Krusia tak trzymaj widac ze mężulkowi sie oczy otworzyły a to dobrze bo nie jestes sama.
- Dołączył: 2011-05-30
- Miasto: Lubin
- Liczba postów: 472
27 lipca 2011, 12:05
Xantypa-o jakiej diecie dyskutujecie i jak sie po niej czujesz
krusia jak ci idą cwiczenia może i ja sie za nie wezmę
- Dołączył: 2011-04-08
- Miasto: Kraina Szczęsliwości
- Liczba postów: 980
27 lipca 2011, 13:02
BK - dziękuje
ja wynalazłam diete 10 dniowa i ponoć sa po niej konkretne efekty. To prawie jak faza uderzeniowa w białkowej bo je sie przez cały dzień np jajka, jogurty, pierś z kurczaka,warzywa i tak przez 10 dni. Mnie po samym białku nawalaja nerki bo nie zawsze mam czas na picie wody a jak zaczyna pobolewać to juz wiem dlaczego. Dzis zaliczyłam 1 dzien ćwiczen weidera z młodym jako dopingujacym na podłodze
BK - a moze to malutki bobas tak ci sie kreci brzuchem
- Dołączył: 2010-02-23
- Miasto: Swarzędz
- Liczba postów: 734
27 lipca 2011, 13:54
bk, ćwiczenia jakoś idą, już 7 dzień, ale kręgosłup trochę mi nawala, zwłaszcza przy ćwiczeniu 5, trochę też muszę przez to oszukiwać, bo np. przy ćwiczeniu 2,4 i 6 nie powinno odkładać się nóg na podłogę a ja to robię bo by mi chyba kręgosłup strzelił, poza tym muszę stwierdzić, że efekty są, nie wiem tylko jak długo wytrzymam, ale się staram, dziś dorzuciłam jeszcze 30 przysiadów, 15 pompek i jakieś tam sobie leciutkie ćwiczonka i oczywiście druzgodząco stwierdziłam że z moją kondycją jest gorzej jak źle.
- Dołączył: 2010-02-23
- Miasto: Swarzędz
- Liczba postów: 734
27 lipca 2011, 13:54
dubel
Edytowany przez krusia83 27 lipca 2011, 13:55
- Dołączył: 2011-04-08
- Miasto: Kraina Szczęsliwości
- Liczba postów: 980
27 lipca 2011, 15:11
no nie wiedziałam że sie nie odklada nóg na podłoge, ja mam wycinek z jakiejś gazety i z nim ćwiczyłam. Ja sie tu naginam pierwszy raz od nie wiem kiedy a mnie wprowadzaja w błąd jeszcze by moje starania i pot wylany poszedł na marne młody to sie śmiał jak sie wyginałam i wcale mu sie nie dziwie ale inaczej nie da rady jak z nim bo jak zasypia to od razu iegam i nadrabiam zaległości w sprzataniu etc a kondycja u mnie to tragedia, nie nadwyrężam kolan bo i tak mi nawalają więc szanuje to co mam.

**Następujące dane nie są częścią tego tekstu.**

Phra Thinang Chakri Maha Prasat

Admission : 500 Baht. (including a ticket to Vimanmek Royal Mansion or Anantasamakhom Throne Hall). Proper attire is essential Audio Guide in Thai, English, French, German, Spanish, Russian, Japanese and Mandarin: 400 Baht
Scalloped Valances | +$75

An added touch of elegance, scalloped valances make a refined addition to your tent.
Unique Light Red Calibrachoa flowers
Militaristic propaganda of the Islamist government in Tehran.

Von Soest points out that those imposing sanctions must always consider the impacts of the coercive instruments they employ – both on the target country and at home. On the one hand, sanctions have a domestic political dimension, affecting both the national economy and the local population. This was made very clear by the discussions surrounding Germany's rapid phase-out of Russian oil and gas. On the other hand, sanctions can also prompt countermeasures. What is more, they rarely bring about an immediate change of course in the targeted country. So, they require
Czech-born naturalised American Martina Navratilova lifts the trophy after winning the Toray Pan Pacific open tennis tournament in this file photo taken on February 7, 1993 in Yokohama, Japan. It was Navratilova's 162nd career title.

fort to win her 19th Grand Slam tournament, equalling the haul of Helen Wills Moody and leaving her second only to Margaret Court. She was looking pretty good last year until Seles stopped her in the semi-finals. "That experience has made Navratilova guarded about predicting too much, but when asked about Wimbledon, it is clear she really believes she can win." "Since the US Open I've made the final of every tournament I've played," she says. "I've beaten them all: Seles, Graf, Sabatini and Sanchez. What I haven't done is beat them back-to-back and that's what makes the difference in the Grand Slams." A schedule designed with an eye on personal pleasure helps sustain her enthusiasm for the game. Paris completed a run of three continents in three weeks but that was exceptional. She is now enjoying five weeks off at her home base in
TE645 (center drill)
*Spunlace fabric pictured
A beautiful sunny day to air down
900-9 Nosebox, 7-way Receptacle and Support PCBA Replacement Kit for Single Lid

dziewczyny macie jakis pomysł na zatwardzenia u niemowlaka, daje mu 2 dzień gerbera z suszoną sliwką i nic, wody przegotowanej nie wypije a jabłko nie zje tyle żeby coś mu ruszyło kiszkami.
Krusia - jak działania na froncie tzn sytuacja z teściową?
- Dołączył: 2011-04-08
- Miasto: Kraina Szczęsliwości
- Liczba postów: 980
27 lipca 2011, 15:12
Bk - jak coś robie to nie mysle o głodzie bo wiadomo że organizm przyzwyczaił sie do dogadzania ale najgorzej jest wieczorem jak dla mnie bo ja wtedy mam wilczy apetyt, pasowałoby iśc spac o 20 to by jakos może to przetrzymał
- Dołączył: 2010-02-23
- Miasto: Swarzędz
- Liczba postów: 734
27 lipca 2011, 18:02
Xantypa, u mnie wieczorem jest to samo, cały czas bym dochodziła do lodówki i wymyślała co tu by przekąsić
. A dziś mąż kupił pakę orzeszków solonych, tortura dla mnie jak czułam zapach a sama miałam pusto w lodówce bo do sklepu nie miałam czasu pójść.
Z teściową ciche dni i zapewne do momentu aż ja się nie przełamie to tak zostanie. Teraz w sobotę wyprawia urodziny, w dużej części organizowane przeze mnie, teraz wszystko spadło na szwagierkę, myślę, że w piątek pojadę i jej pomogę, ale nie wiem czy teraz głupia teściowa sobie tego życzy. Mój mąż nie chce iść wcale, choć ja uważam, że wypada, choć boję się chorej atmosfery, zobaczymy jak to będzie, ja najchętniej też bym nie szła, ale mimo wszystko wypada... zresztą sama nie wiem, co myślicie??
- Dołączył: 2011-05-30
- Miasto: Lubin
- Liczba postów: 472
27 lipca 2011, 19:40
kup mu czopki glicerynowe ja odad pamiętam to na tym jade, możesz też włożyć mu kawałeczek mydła tylko trzeba go najpierw nakremować.ale mały kawalek.
- Dołączył: 2010-02-23
- Miasto: Swarzędz
- Liczba postów: 734
27 lipca 2011, 21:19
Podawaj mu herbatkę z kopru włoskiego, ale tę w saszetkach, ogranicz chwilowo marchwekę w ostateczności czopki o których wspomina Bk, mój młody nigdy zaparć nie miał, ale wiem co skutkuje na mnie
. Jak by ci chciał wypić to wieczorem możesz zalać suszone śliwki wrzątkiem, rano powstały "kompocik" spróbować mu przemycić do wypicia, a śliwki zmiel i wymieszaj z kaszką.